Since the number of gradations is processed by an 8-bit digital signal, it is 256 gradations.
In this image forming apparatus, in order to make the gradation characteristic of the fourth quadrant linear, the printer characteristic of the third quadrant is corrected by the LUT 25 of the fourth quadrant. The LUT 25 is generated based on the calculation result described later.

  After density conversion in the LUT 25, the pulse width modulation (PWM) circuit 26 converts the signal into a signal corresponding to the dot width and sends it to a laser driver 27 that controls ON / OFF of the laser. In the present embodiment, a gradation reproduction method using pulse width modulation processing is used for all colors M, C, Y, and K.

  Then, a latent image having a predetermined gradation characteristic is formed on the photosensitive drum 4 due to the change of the dot area by scanning with the laser 110, and the gradation image is reproduced through the process of development, transfer, and fixing. . Here, the image adjustment means of the image forming apparatus used in this embodiment will be described in detail.

  The image forming apparatus used in this embodiment has a first control system and a second control system as image adjustment means.

(First control system)
First, a first control system related to stabilization of image reproduction characteristics of a system including both the reader unit A and the printer unit B will be described. FIG. 7 is a flowchart for calibrating the printer unit B using the reader unit A. This flow is realized by the CPU 214 that controls the reader unit A and the CPU 28 that controls the printer unit B.

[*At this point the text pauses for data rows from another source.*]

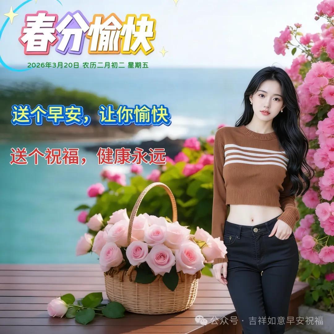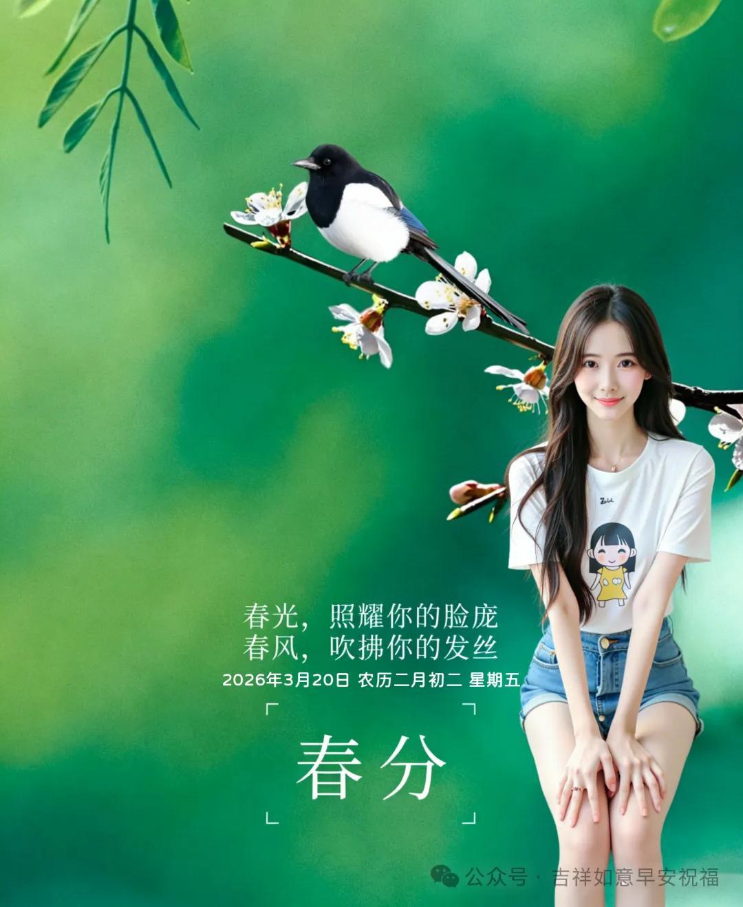 春分到來吉星照,好運連連笑開懷。朋友情深祝福長,❤️幸福美滿在心間。願你前程似錦,幸福美滿,身體健康,萬事如意,步步高昇。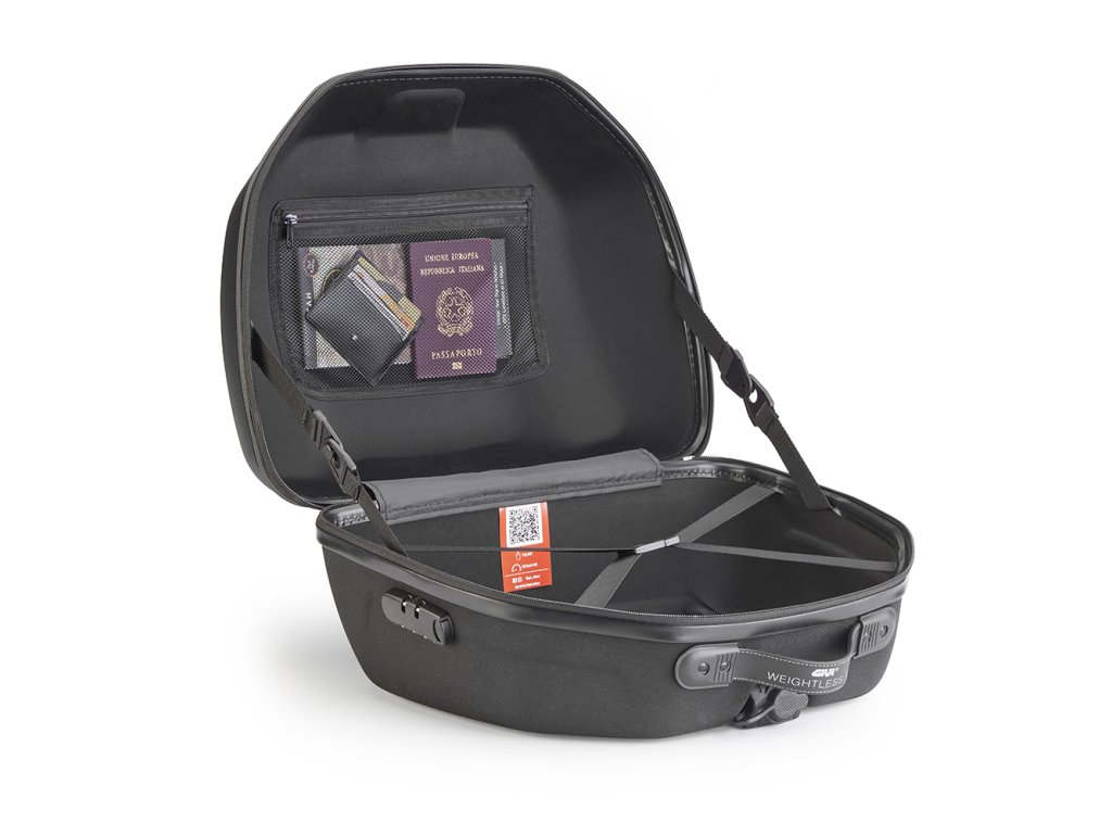 Lehký kompaktní kufr Givi WL 901 s objemem 34 litrů - kufr lze připevnit na nosiče s plotnami typu MONOKEY Řada kufrů typu Monokey (bez plotny). Vyroben z plastu ABS tvářením za tepla. Díky své konstrukci si zachovává tvar, ale je velmi lehký. Kombinovatelný s párem bočních brašen WL 900 Technické informace: Objem: 34 litrů Rozměry ŠxVxH: 468 x 293 x 386 mm Materiál: ABS plast, diamantová textura / 600D polyester / měkký, hebký interiér O kufru: Kufr na první pohled zaujme - elegantní design Kufr pojme jednu přilbu Stříbrné logo Givi Lehká váha kufru Reflexní prvky Madlo pro snadnější přenášení Vyjímatelný vnitřní vak (voděodolnost IPX5) Uvnitř menší síťovaná kapsa na doklady apod. Hlavní kapsa se zapínáním na zip Kufr se zamyká klíčem k nosiči Zipy kufru lze zamknout vestavěným zámkem PADLOCK • YKK* ZIP (*registrovaná ochranná známka patřící YKK) Mezi standardní technické vychytávky patří vnitřní elastické popruhy, odnímatelná voděodolná vnitřní taška a možnost použití integrovaného kombinačního zámku pro uzavření, přičemž kompaktní rozměry jsou stále dostatečně velké, aby se do ní vešla celoobličejová přilba.Doplňkové parametry
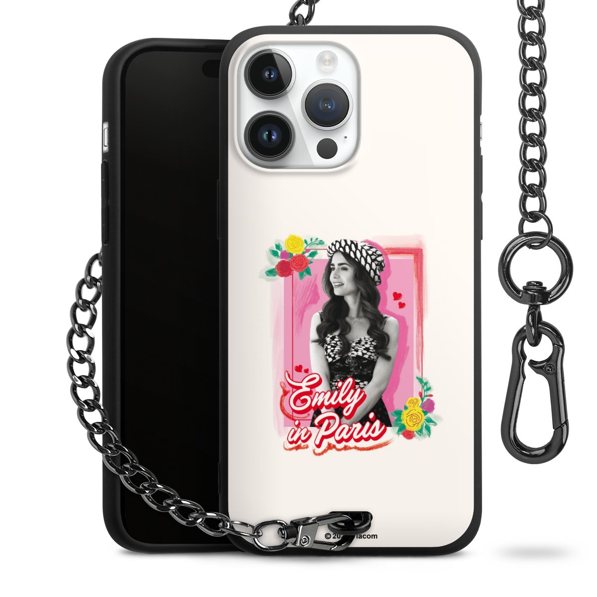 Die Handyhülle verfügt über eine mittig am unteren Rand platzierte Öse, an der die Metallkette stabil befestigt ist. Bestelle die Hülle einfach für Dein Smartphone-Modell, dann passt sie wie angegossen und Du brauchst sie bloß einmal anzudrücken. Handy in die Tasche, Karabiner an den Hosenbund – schon kann die Party starten.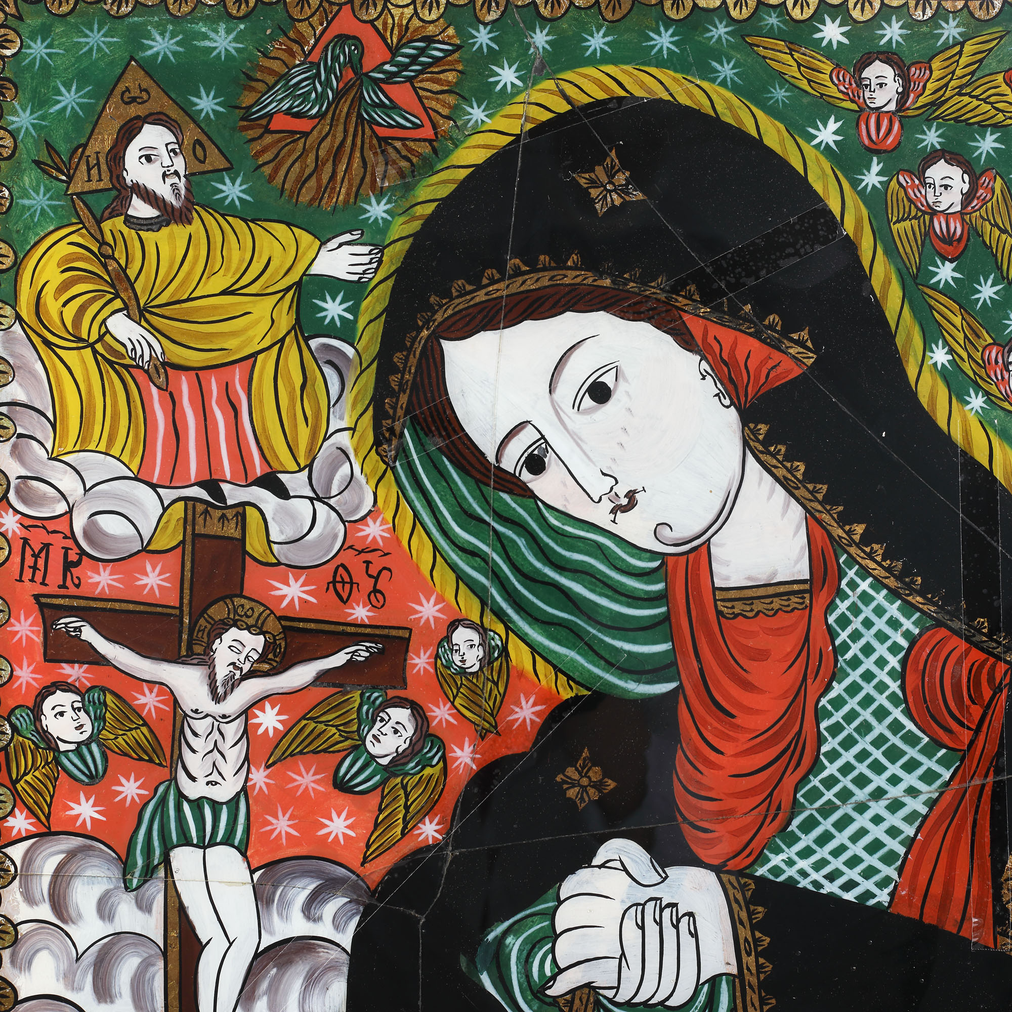 17. Icoană pe glajă, ”Maica Domnului Îndurerată”, ramă vopsită, cu șforț, atribuit zugrav Petru Tămaș-tatăl, Făgăraș, a doua jumătate a sec. XIX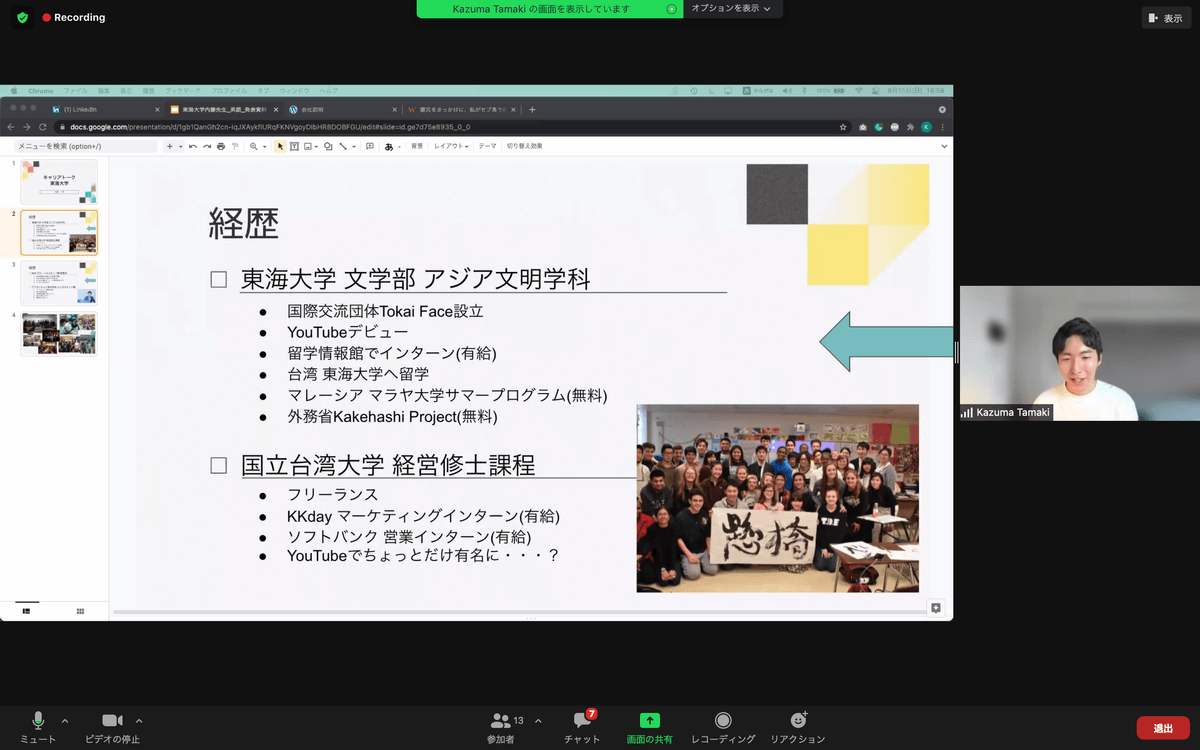毎年、アジア学科ではフィリピン・セブ島英語留学を推奨してきました。コロナ禍の今夏、オンラインでの実施にもかかわらず31名もの学生が英語の学習に取り組んでいます。そのオンライン留学生に向けて8月15日、特別講演が行われました。講師は、17年卒の玉置一真さん。東海大卒業後、国立台湾大学ビジネススクールを修了、大手航空会社勤務を経て現在はグローバル展開をする総合コンサルティング会社日本法人に勤めておられます。英語でのやり取りが欠かせない毎日を過ごしている玉置さんに英語学習の秘訣を伝授していただきました。中国語も堪能な玉置さんからは「英語プラスもう1言語」のお勧めも。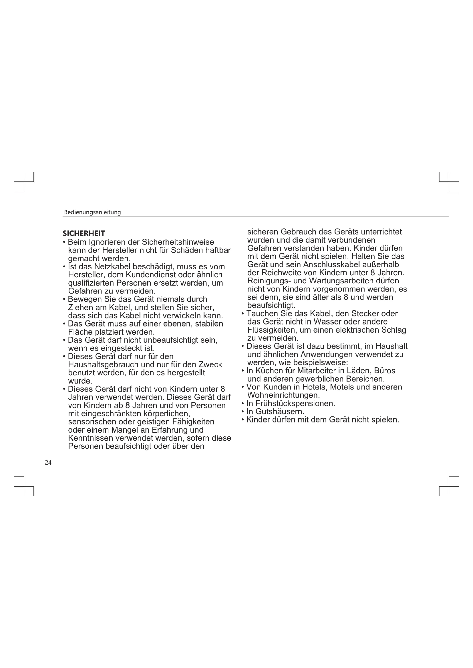 - Dieses Gerät darf nur für den Haushaltsgebrauch und nur für den Zweck benutzt werden, für den es hergestellt wurde.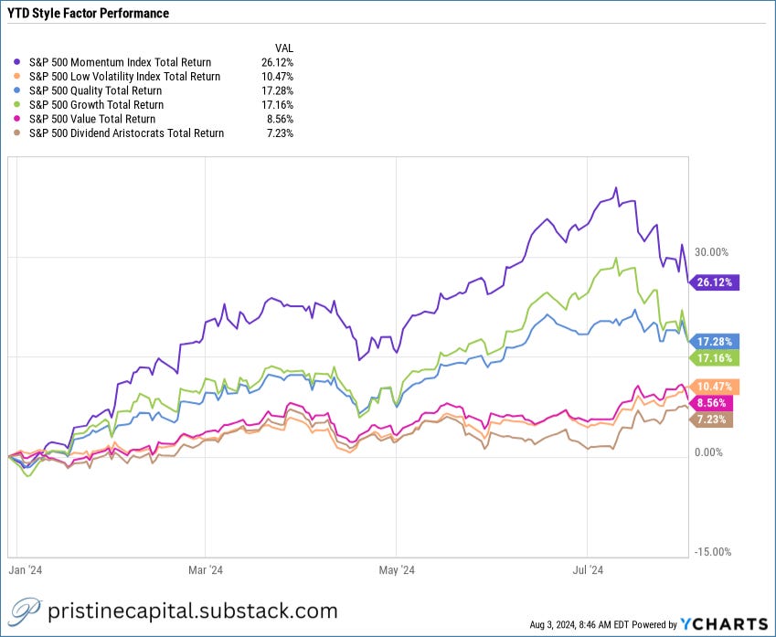 The momentum style factor was +38% YTD just a few weeks ago, and has corrected down to +26.12%. Zooming out, this is still a stellar performance👇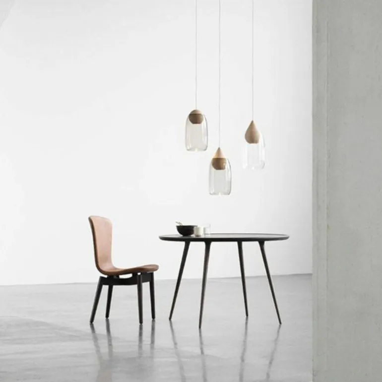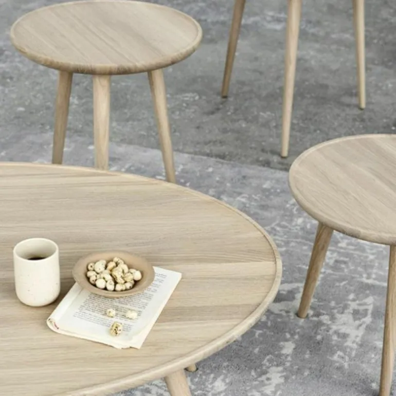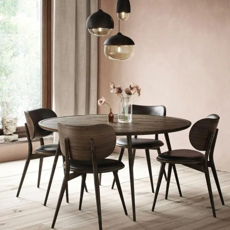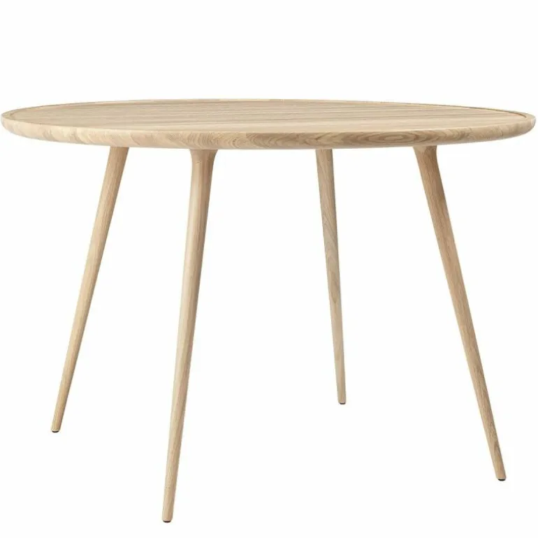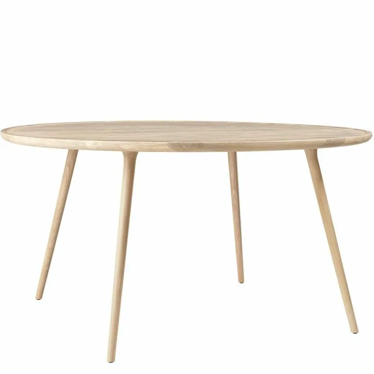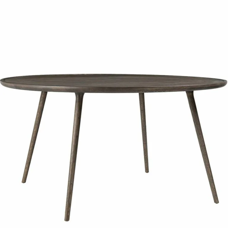 De Accent Eettafel kan uitgevoerd worden in mat gelakt eiken of ‘Sirka Grey Stained’ eiken, dat een donkerbruine uitwerking heeft. Daarnaast heeft u keuze uit een tafelblad met een diameter van 110 of 140 centimeter.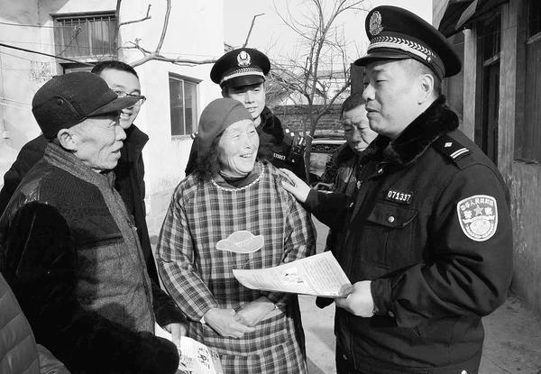 近日,扶沟县公安局韭园派出所民警深入辖区,开展节前矛盾纠纷排查化解,宣传讲解防盗、防骗等安全防范常识,确保辖区群众过一个平安祥和的春节。图为民警正在向辖区群众宣传安全防范常识。(谢永静 李龙喜 摄)
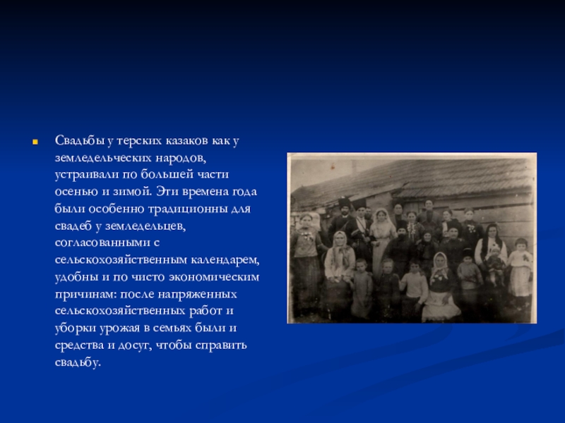 Свадьбы у терских казаков как у земледельческих народов, устраивали по большей

  This control is started by pressing a mode setting button called automatic gradation correction provided on the operation unit 217. 8 to 10 show display transition diagrams of the display. In the present embodiment, the display 218 includes a liquid crystal operation panel (touch panel display) with a push sensor as shown in FIGS.

  Returning to FIG. 7, first, in step S51, the print start button 81 of the test print 1 is displayed on the display 218 (FIG. 8A). By pressing it, the test print 1 shown in FIG. Are printed out by the printer unit B.

  At this time, the CPU 214 determines whether or not there is a sheet for forming the test print 1, and if there is no sheet, a warning display as shown in FIG. When the test print 1 is formed, the contrast potential (which will be described in detail later) is registered in the standard state corresponding to the environment as an initial value and used.

  The image forming apparatus used in this embodiment includes a plurality of paper cassettes, and a plurality of types of paper sizes such as B4, A3, A4, and B5 can be selected.

  However, the print paper used in this control is a large-size paper that is generally referred to in order to avoid errors due to a mistake in portrait orientation and landscape orientation during subsequent reading operations. That is, it is set to use B4, A3, 11 × 17, and LGR.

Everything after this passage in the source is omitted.